Extract Text from Word
Extract → Extract Text from Word
The Extract Text from Word API extracts text from a Word document (.doc, .docx). You send the document as Base64 (docContent), docName, StartPageNumber, EndPageNumber, RemoveComments, RemoveHeaderFooter, AcceptChanges, and optionally async. The API returns JSON or a text file with the extracted text. Use the tester below to try it; more details are in the sections that follow.
Try the Extract Text from Word API
:::note Quick reference
Endpoint: POST /api/v2/ExtractTextFromWord · Required: api-key, docContent, docName, StartPageNumber, EndPageNumber, RemoveComments, RemoveHeaderFooter, AcceptChanges
:::
:::info Try it live Use the form below to send your API key, Word document (Base64), page range, and options (remove comments, header/footer, accept tracked changes). The response is JSON or text with extracted content. No code required—fill the fields and click Send request. :::
Overview, parameters, and use cases
- Overview
- Parameters
- Use cases
What is Extract Text from Word?
This endpoint extracts text from a Word document (.doc, .docx). You specify a page range (StartPageNumber, EndPageNumber) and options: RemoveComments (strip comments), RemoveHeaderFooter (strip headers/footers), AcceptChanges (apply tracked changes). The API returns JSON or a text file with the extracted text. Use it when you need plain text from Word for search, analysis, or migration.
Key features
- Page range – StartPageNumber and EndPageNumber limit extraction to specific pages.
- Content filtering – RemoveComments, RemoveHeaderFooter, AcceptChanges control what is included.
- Formats – Supports .doc and .docx (Base64).
- Async – Use async for large documents.
:::tip Best for Use when you need plain text from Word (e.g. for search, migration, or analysis). For PDF extraction use Extract Resources or Extract Text by Expression. :::
API parameters
| Parameter | Type | Required | Description |
|---|---|---|---|
| api-key | string | Yes | Your PDF4me API key, Base64 encoded. Get it from the dashboard. |
| docContent | base64 | Yes | Word document content (Base64). .doc, .docx. |
| docName | string | Yes | Word file name (e.g. output). |
| StartPageNumber | integer | Yes | Starting page number. |
| EndPageNumber | integer | Yes | Ending page number. |
| RemoveComments | boolean | Yes | Remove comments from extracted text. |
| RemoveHeaderFooter | boolean | Yes | Remove header/footer from extracted text. |
| AcceptChanges | boolean | Yes | Accept tracked changes in the document. |
| async | boolean | No | Enable asynchronous processing. |
When to use Extract Text from Word
- Content migration – Extract text from Word for import into CMS, search, or databases.
- Analysis – Get plain text for NLP, search indexing, or reporting.
- Page-specific – Extract only a page range (e.g. appendix, specific sections).

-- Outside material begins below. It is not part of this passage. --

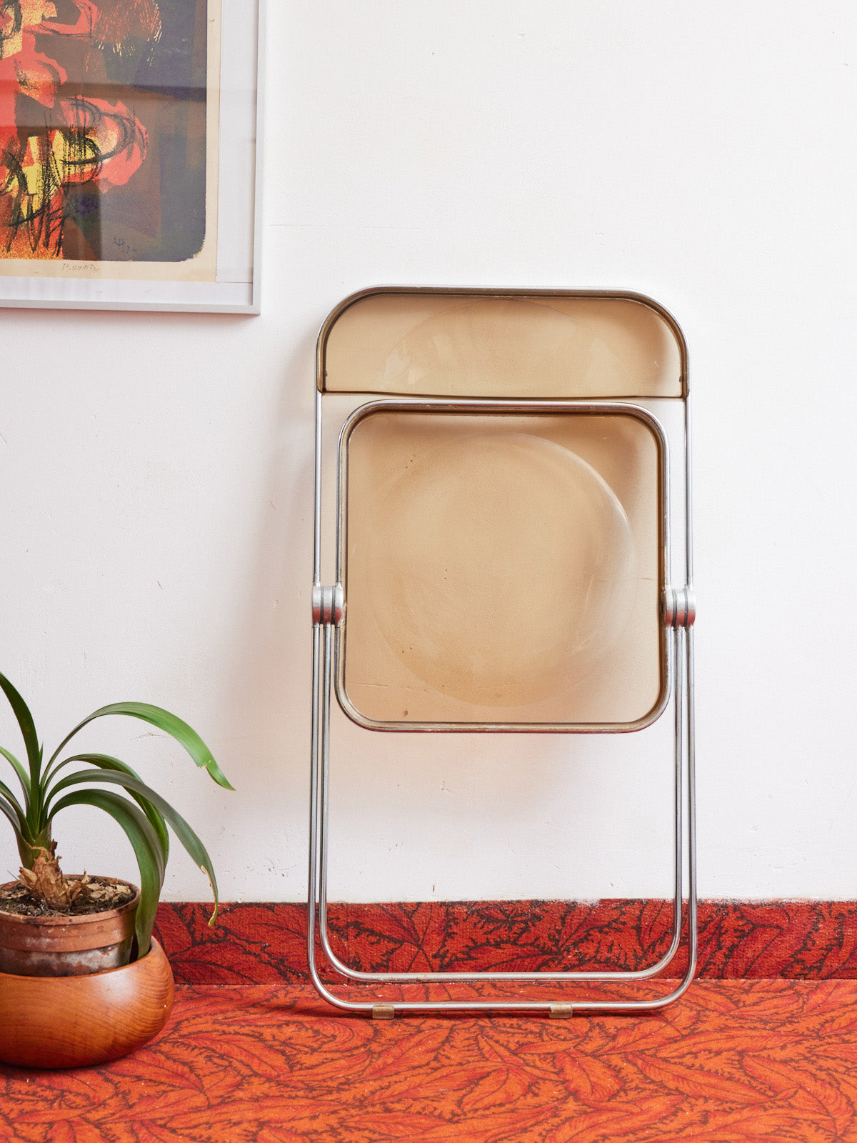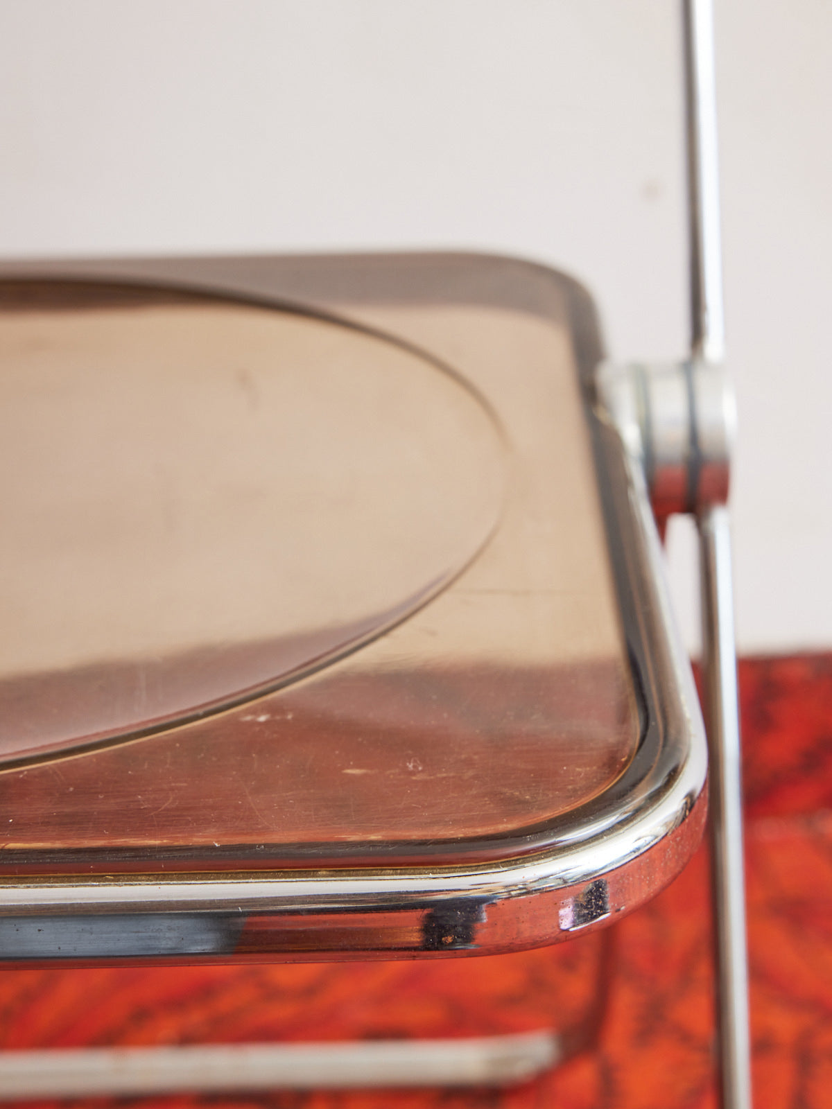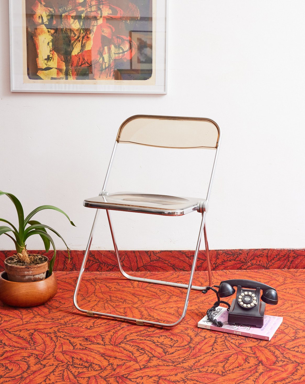 Adoptez la chaise Plia de Giancarlo Piretti en plexiglass fumé, pièce emblématique du design léger et pliante qui se glisse avec élégance dans un intérieur contemporain. Son assise transparente aux teintes fumées joue des contrastes, offrant une présence discrète mais graphique autour d'une table ou dans un coin bureau. La structure pliable assure une grande praticité pour des espaces modulables, tandis que la simplicité des lignes évoque une atmosphère raffinée et lumineuse.

:::info Need the full API? For request/response schemas and code samples, see Extract Text from Word in the PDF4me API docs. :::
Prerequisites
Before using this endpoint, make sure you have:
- A valid PDF4me API key (Get your API Key)
- A Word document (.docx or .doc) in Base64 format
Response Format
The API returns a JSON response or text file with extracted text content from the specified page range.